Work item → Retype only the lines from the top of the records to the line with "전국신문언론노동조합 강찬희 기자", including that line but none of the pictures.

Given data START

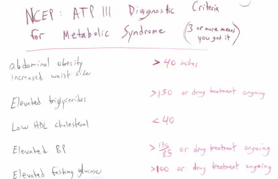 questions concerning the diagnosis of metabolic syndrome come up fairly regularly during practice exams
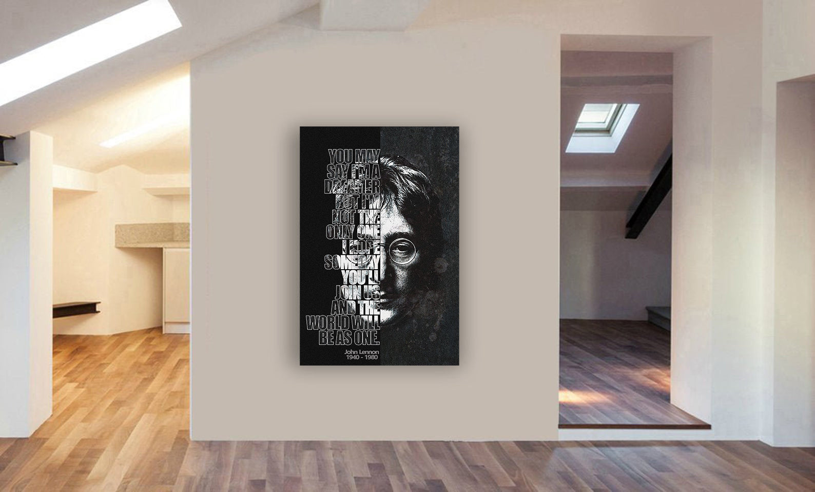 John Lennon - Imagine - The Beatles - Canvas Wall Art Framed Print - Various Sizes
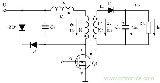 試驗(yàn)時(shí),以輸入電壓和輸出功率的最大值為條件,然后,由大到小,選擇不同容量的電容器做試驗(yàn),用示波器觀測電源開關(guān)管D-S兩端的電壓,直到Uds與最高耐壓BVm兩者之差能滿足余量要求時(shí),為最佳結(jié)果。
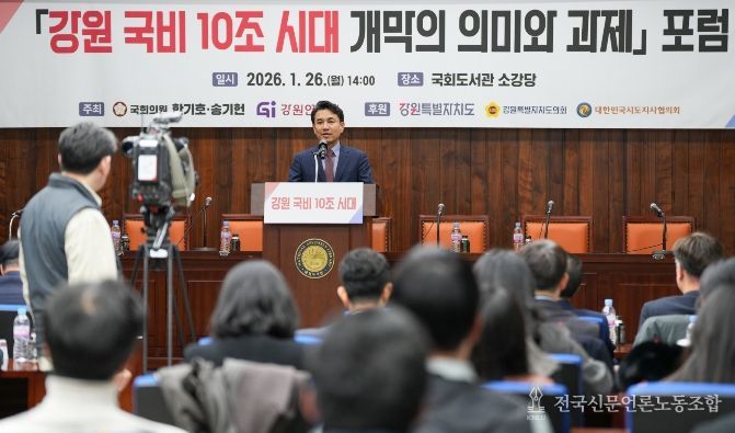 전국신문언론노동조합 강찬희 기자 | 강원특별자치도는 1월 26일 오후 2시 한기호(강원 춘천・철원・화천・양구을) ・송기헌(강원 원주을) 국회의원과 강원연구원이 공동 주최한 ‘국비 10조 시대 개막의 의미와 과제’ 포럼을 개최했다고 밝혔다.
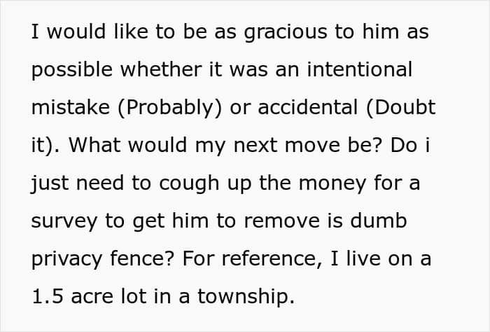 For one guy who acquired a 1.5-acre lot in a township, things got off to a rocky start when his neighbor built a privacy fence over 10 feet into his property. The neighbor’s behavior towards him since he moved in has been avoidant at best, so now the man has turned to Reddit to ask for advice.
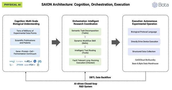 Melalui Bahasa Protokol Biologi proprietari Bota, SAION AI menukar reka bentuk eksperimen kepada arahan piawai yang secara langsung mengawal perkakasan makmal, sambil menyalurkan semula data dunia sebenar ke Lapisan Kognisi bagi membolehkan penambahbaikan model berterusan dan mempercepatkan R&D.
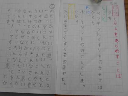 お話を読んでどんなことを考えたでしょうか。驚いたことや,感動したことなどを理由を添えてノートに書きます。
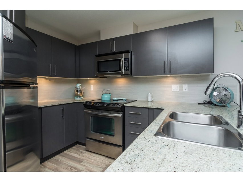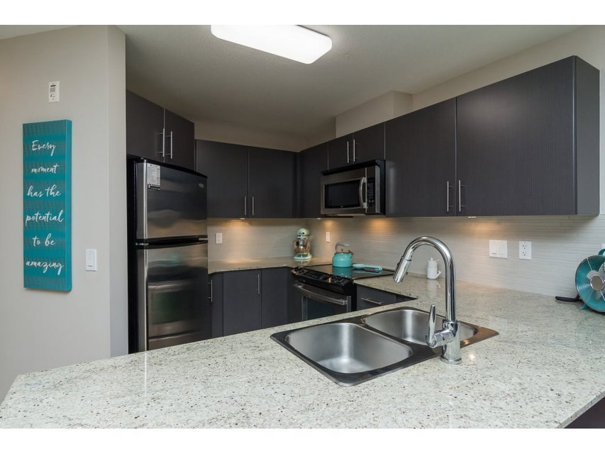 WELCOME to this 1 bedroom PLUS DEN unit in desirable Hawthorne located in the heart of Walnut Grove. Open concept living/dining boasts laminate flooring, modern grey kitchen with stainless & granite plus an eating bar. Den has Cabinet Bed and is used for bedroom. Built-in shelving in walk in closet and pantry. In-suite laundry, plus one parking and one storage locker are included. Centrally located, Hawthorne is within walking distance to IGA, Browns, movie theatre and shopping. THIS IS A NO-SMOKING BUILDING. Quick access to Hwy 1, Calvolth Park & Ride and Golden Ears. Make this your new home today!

Given data END

Response for this exercise →
 questions concerning the diagnosis of metabolic syndrome come up fairly regularly during practice exams
 John Lennon - Imagine - The Beatles - Canvas Wall Art Framed Print - Various Sizes
 試驗(yàn)時(shí),以輸入電壓和輸出功率的最大值為條件,然后,由大到小,選擇不同容量的電容器做試驗(yàn),用示波器觀測電源開關(guān)管D-S兩端的電壓,直到Uds與最高耐壓BVm兩者之差能滿足余量要求時(shí),為最佳結(jié)果。
 전국신문언론노동조합 강찬희 기자 | 강원특별자치도는 1월 26일 오후 2시 한기호(강원 춘천・철원・화천・양구을) ・송기헌(강원 원주을) 국회의원과 강원연구원이 공동 주최한 ‘국비 10조 시대 개막의 의미와 과제’ 포럼을 개최했다고 밝혔다.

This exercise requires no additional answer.